Covalent triazine frameworks (CTFs) obtained from the
trimerization
of aromatic nitriles are expected to be the preferred carrier for
single-atom catalysts (SACs). Using density functional theory methods,
the oxygen reduction reaction (ORR) performance of a series of 3d,
4d, and 5d transition metals supported on the 6N or 9N pore of the
CTF system [M-CTF(6N) or M-CTF(9N)] is explored. At first, 32 kinds
of M-CTF(6N) and M-CTF(9N) are screened out with high thermodynamic
and electrochemical stability. The binding energy of ORR intermediates
and the change of Gibbs free energy in each step of the ORR are calculated.

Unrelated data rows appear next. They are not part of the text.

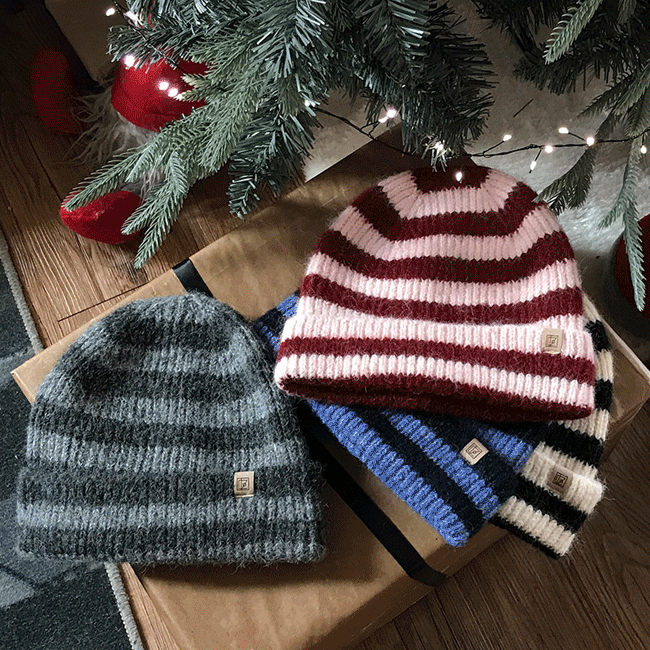 [스트라이프/폭닥💭] 울헤어리ST패치니트비니 (4color)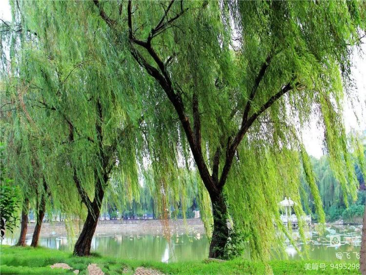 柳树是比较耐寒的。我家住二楼,窗前正对着一棵柳树。在乍暖还寒时就看见鹅黄色的柳芽探出头来。老辈人传下来的时令歌谣:“五九、六九,河沿看柳”。每年的早春二月,柳树就春意萌动,在众多树木中率先发芽,为人们送来一片新绿,柳树被誉为春天的使者。唐代诗人贺知章的《咏柳》诗,“碧玉妆成一树高,万条垂下绿丝绦。不知细叶谁裁出,二月春风似剪刀。”歌咏了春寒料峭中报春的柳树。一直到秋后初冬时它的叶子还是绿色,又是坚持到最后才落叶的。那细瘦的柳叶堪称是早出晚归的绿化“劳模”。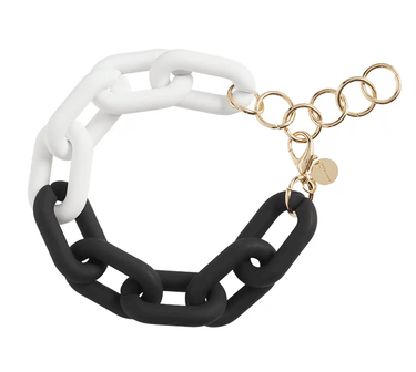 These Two Tone Link Bracelet are perfect for a night out on the town or party. The resin link bracelet features color block sections with black and white, pink and red, and navy and light blue coloring. The bracelet features a matte finish. This bracelet has an adjustable clasp, making it easy to find the perfect fit for you.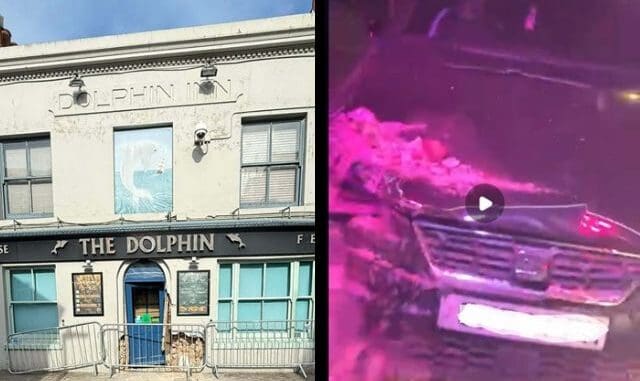 Bouncers and customers in The Dolphin pub in Broadstairs were left in shock as a driver rammed into the building twice in the early hours of this morning (April 4).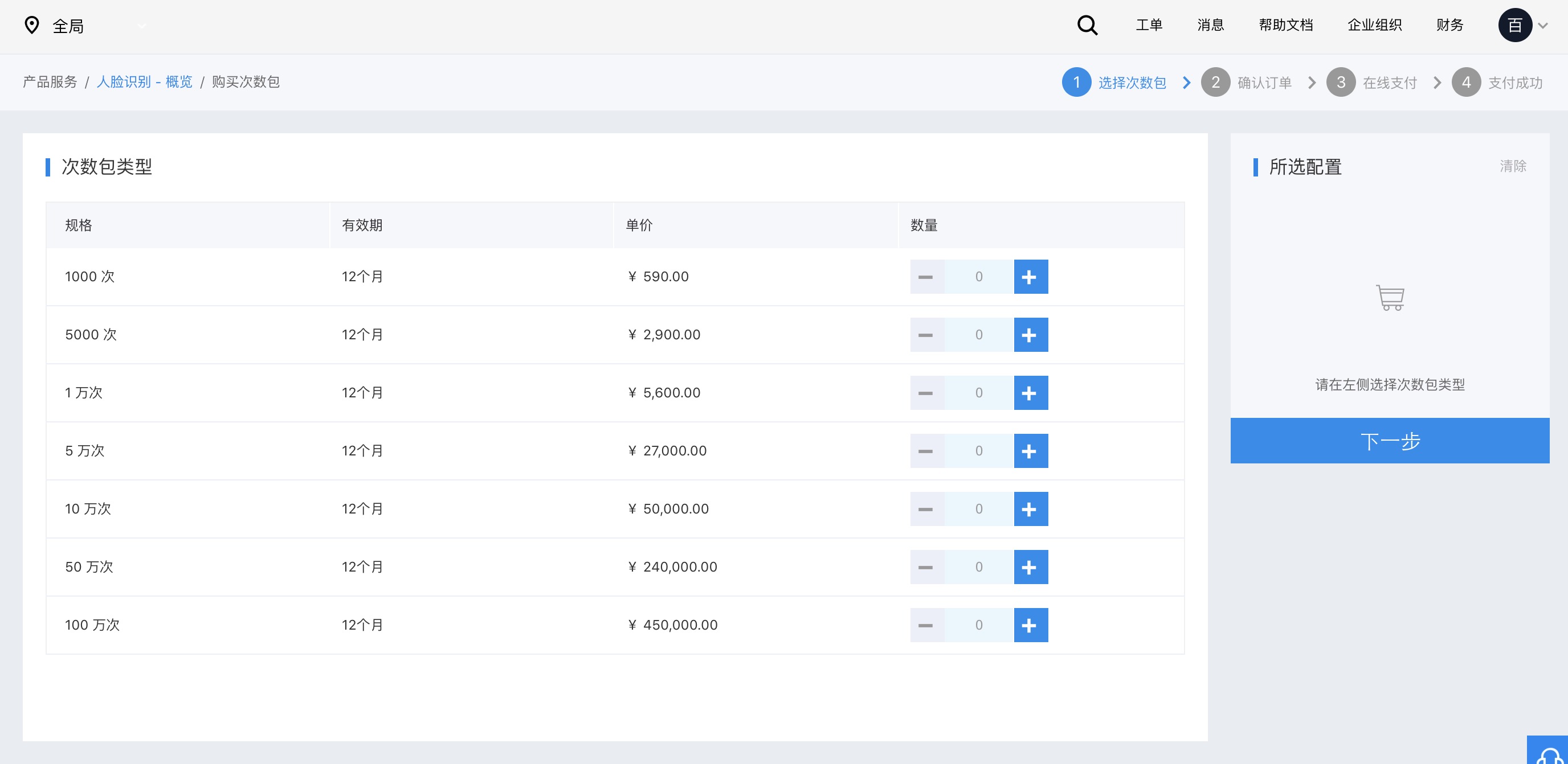 - 选择购买的次数包与购买数量,添加至购物车并进行结算。

The overpotential of Pd-CTF(6N) is the lowest, which is 0.38 V. Considering
that the ORR activity of M-CTFs is mainly limited by the strong binding
of *OH, M-CTF(6N) and M-CTF(9N) are further modified by the OH ligand,
namely, M-OH-CTF(6N) and M-OH-CTF(9N). After being modified by the
OH ligand, due to the weakened binding strength of *OH, all these
screened M-CTFs exhibit better ORR activity. Among them, the η values of Cu-OH-CTF(6N), Pd-OH-CTF(6N), Rh-OH-CTF(6N),
Ir-OH-CTF(6N), Rh-OH-CTF(9N), and Ir-OH-CTF(9N) are 0.39, 0.38, 0.24,
0.30, 0.31, and 0.33 V, respectively, which possess better ORR activity
than the Pt(111) surface (η = 0.45 V). This
work highlights the great potential of CTFs as an efficient carrier
for SACs.